Rising demand for air cargo enabled Virgin Atlantic Cargo to push up yields in the first quarter. Sales rose by 36 per cent, driven by a 25 per cent increase in tonnage.
However, John Lloyd, director of Virgin Cargo, warned however that the recovery could be destabilised by excess capacity in the market.
“The challenge now, with capacity rising again in many markets, is to ensure the industry maintains and builds upon this demand by taking sensible decisions on capacity.”
Virgin Atlantic Cargo expects a series of factors to contribute to growth in 2010/11, including V Australia’s increased flying programme, an upturn in volume and yields to and from its markets in the Americas and Caribbean, Africa, India, the UAE, Asia and Australia, and improvements in revenue management operations.
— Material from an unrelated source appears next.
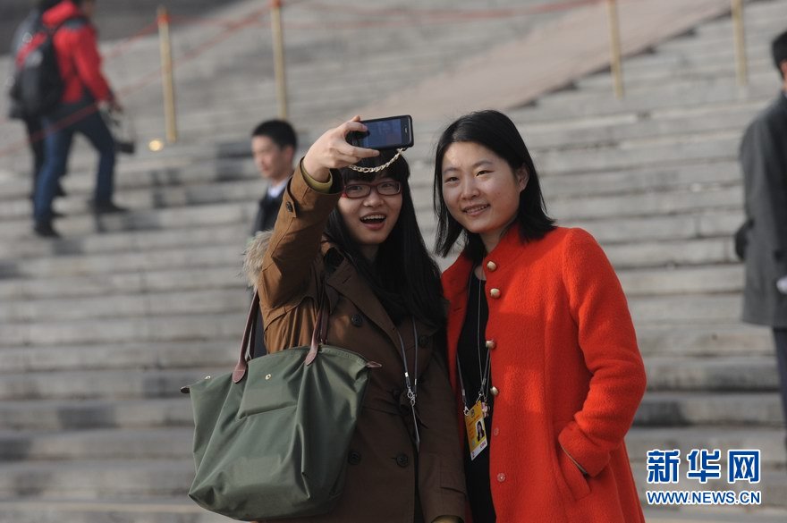 十二屆全國人大一次會議、全國政協十二屆一次會議分別於2013年3月5日、3月3日在北京人民大會堂開幕。在會議進行期間,有一批女性身影,她們,因為出席兩會、因為服務兩會、因為報道兩會而工作着、美麗着。在三八國際婦女節來臨之際,讓我們為她們喝彩!圖為3月8日,2名女記者在大會堂外合影。新華網 陳競超 攝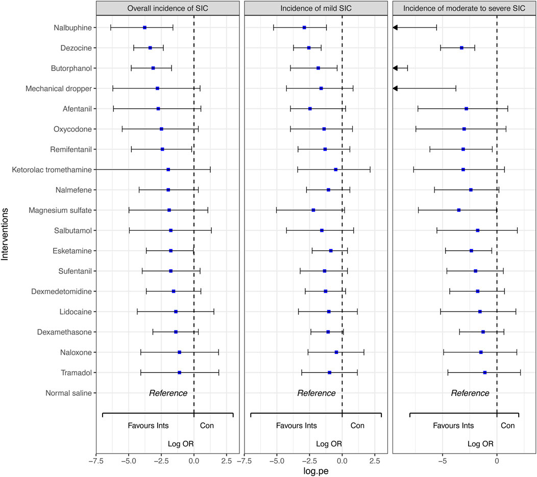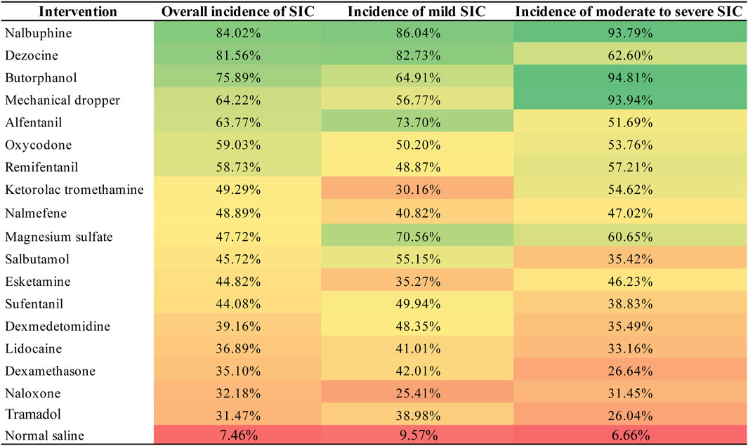 In comparison to normal saline, dezocine (OR 0.03, 95% CI 0.01 to 0.10; high-quality evidence), nalbuphine (OR 0.02, 95% CI 0.00 to 0.20; high-quality evidence), butorphanol (OR 0.04, 95% CI 0.01 to 0.18; high-quality evidence),remifentanil (OR 0.09, 95% CI 0.01 to 0.84; moderate-quality evidence), and esketamine (OR 0.17, 95% CI 0.03 to 0.96; moderate-quality evidence) significantly decreased the overall incidence of SIC. Similarly, dezocine (OR 0.08, 95% CI 0.02 to 0.20; high-quality evidence), nalbuphine (OR 0.06, 95% CI 0.01 to 0.30; high-quality evidence), and butorphanol (OR 0.16, 95% CI 0.02 to 0.68; moderate-quality evidence) significantly reduced the incidence of mild SIC. Dezocine, nalbuphine, butorphanol, mechanical dropper, remifentanil, magnesium sulfate and esketamine significantly reduced the incidence of moderate to severe SIC. While the other interventions indicated a trend in decreasing the incidence of SIC, the results were not statistically significant.

For the 2009/10 financial year Virgin reported cargo sales of £161m from the carriage of 194,000 tons of airfreight on the Virgin Atlantic Airlines and V Australia networks.
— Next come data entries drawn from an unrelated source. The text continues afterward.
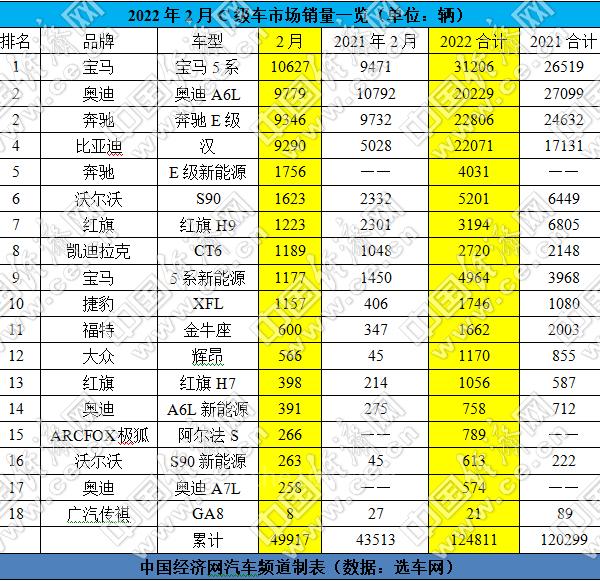 此外,宝马5系和奥迪A6L的新能源车型在2月的销量分别为1177辆、391辆,三款新能源产品的的销量之和达3324辆,市场份额为6.66%。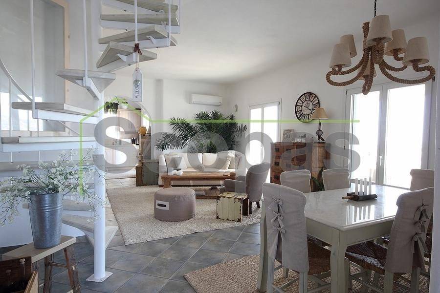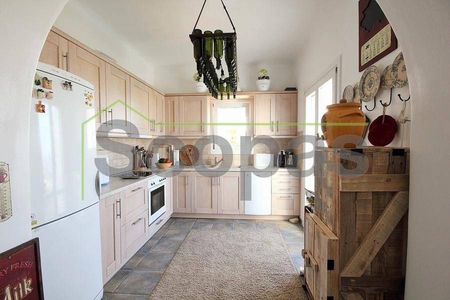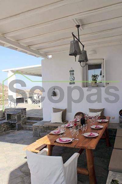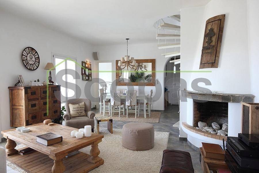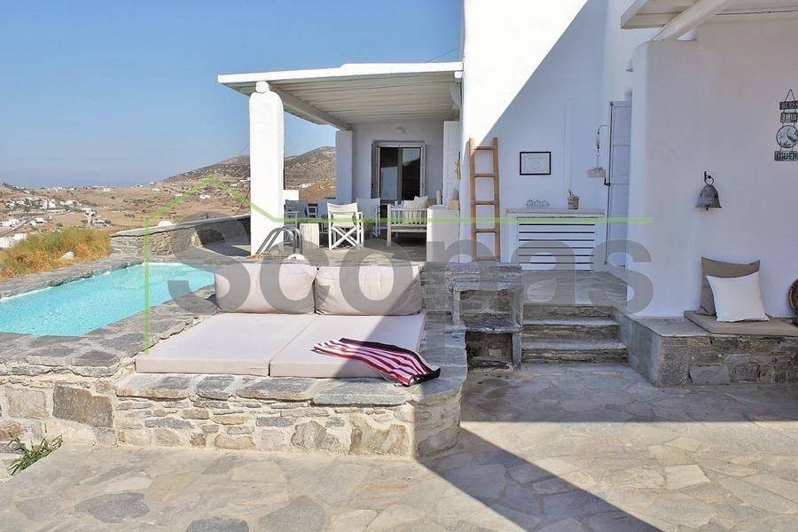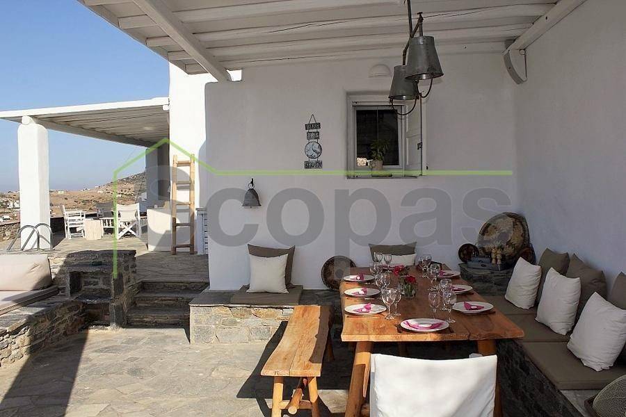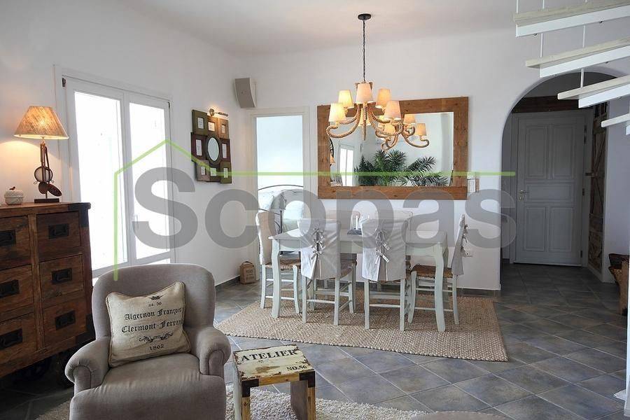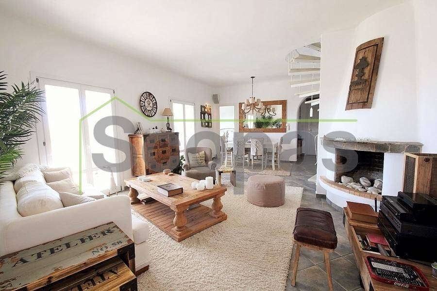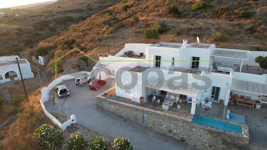 Located in Paros, in Parikia A house of 164m2 on a plot of 2500m2. Renovated in 2014. Ideally located on Paros' west coast between the historic main town of Parikia and the trendy village of Naousa. Built on a hill, this light and airy property offers the perfect formula of privacy and seclusion, along with close proximity to the island's main attractions. The breathtaking view of the sunset, followed by the night skies with Parikia's lights at one's feet, makes this property truly unique. Fully furnished, the interior is simple yet refined, blending the rustic and the contemporary to provide ideal island living. Over two levels, the ground floor includes a master bedroom with an ensuite and its own terrace, a living room with a fireplace, a breakfast/dining area, a separate kitchen, and a guest WC. The upper floor has 2 bedrooms, each with its own ensuite and terrace, and access via an interior staircase as well as a separate entrance from the parking area to ensure privacy for guests. There is also autonomous heating, air conditioning, solar hot water, double-glazed timber windows, tiled floors throughout, and a security door. Outdoors there are large covered and uncovered terraces, a garden, two parking spaces, a store room, and a swimming pool, Western orientation with a sunset view over Parikia bay. 1.8 km from the port of Parikia 10 km from Naousa 11 km from the airport 1000m from the sea. The information and characteristics of the properties have been entered based on the information and data provided by the principal. -The point on the map does not correspond to the real address of the property. -When indicating the property, a identity card or VAT number is necessary, according to Law N.4072/2012 - Official Gazette 86/A/11-4-2012.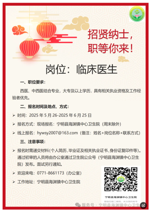 2025年廣西崇左寧明縣海淵鎮(zhèn)中心衛(wèi)生院招聘信息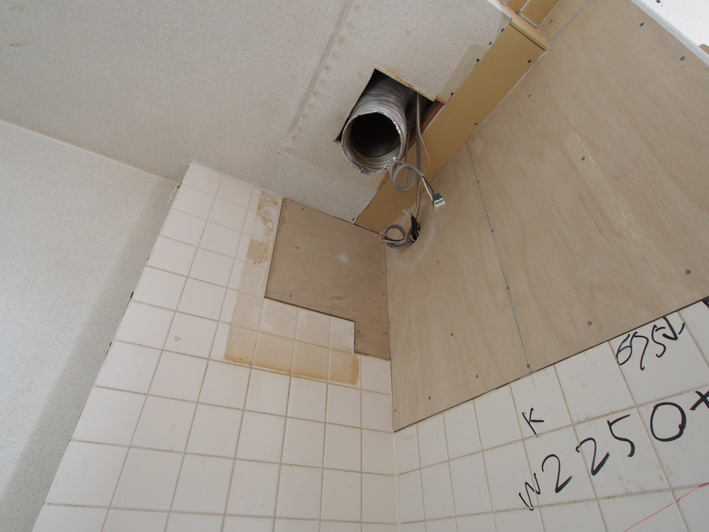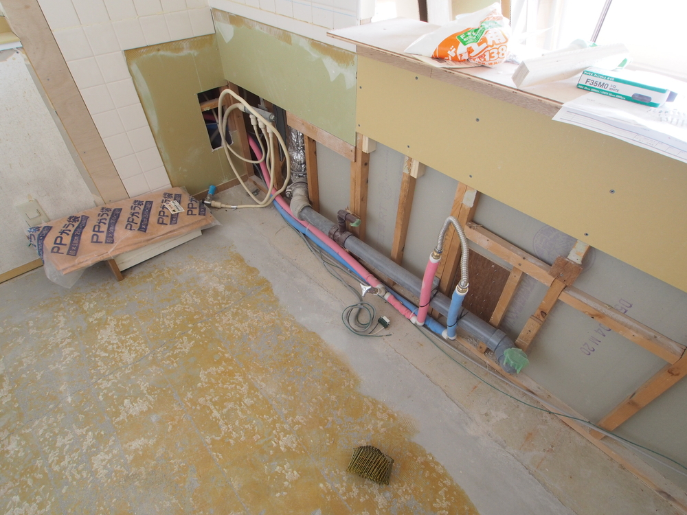 キッチンの床を剥がし、壁を一部補修しました。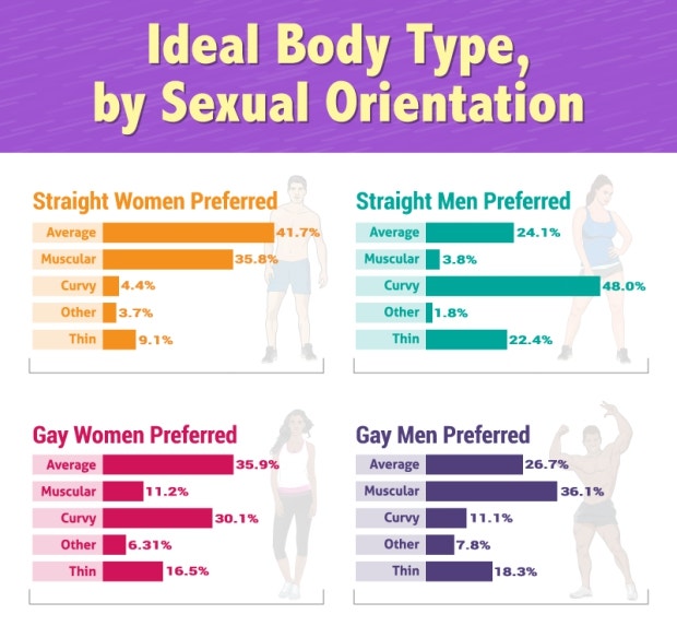 According to the survey, gay men are the choosiest, in that they prefer a man with a buffer build than average.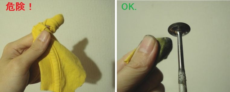 作業時の注意点、布を使った磨きは巻き込みの危険があります!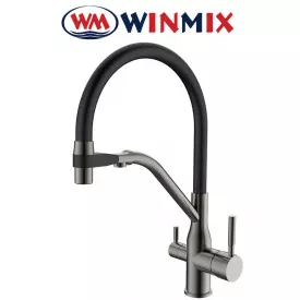 Змішувач для кухні з висувною поворотною лійкою MOZ-014 GRAPHITE з нержавіючої сталі, Winmix Польща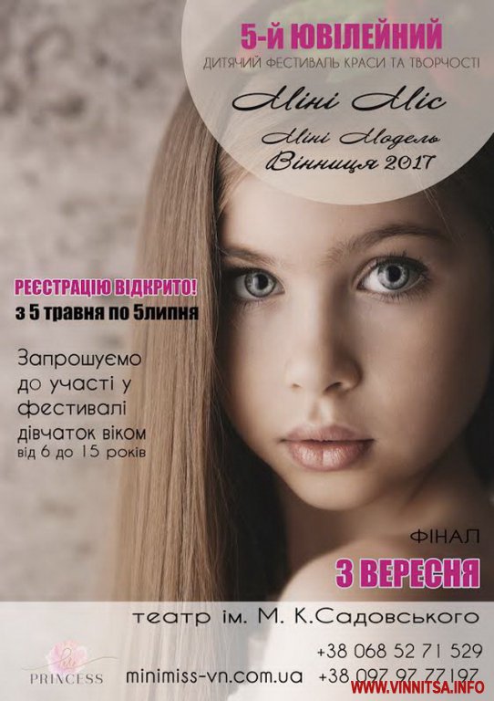 «Конкурс «Міні Міс тa Міні Модель Вінниця 2017» - це злітнa смугa для професійного модельного мaйбутнього. Щорічний дитячий фестивaль крaси тa творчості стaне яскрaвою тa незaбутньою подією не лише для учaсниць, a й для усіх вінничaн», - зaзнaчaють оргaнізaтори.

“The air cargo industry has never seen a dip like the one experienced in 2008/9,” said Lloyd. “We were quick to take action and as a result, although our revenues and tonnage declined 19 per cent and 6 per cent respectively, we managed our way through the downturn far better than most other carriers and suffered considerably less impact.
“This result was achieved by undertaking difficult but necessary cost control measures, the rationalisation of capacity in the marketplace, and improved conditions in quarters three and four, particularly pre-Christmas and from the Far East.”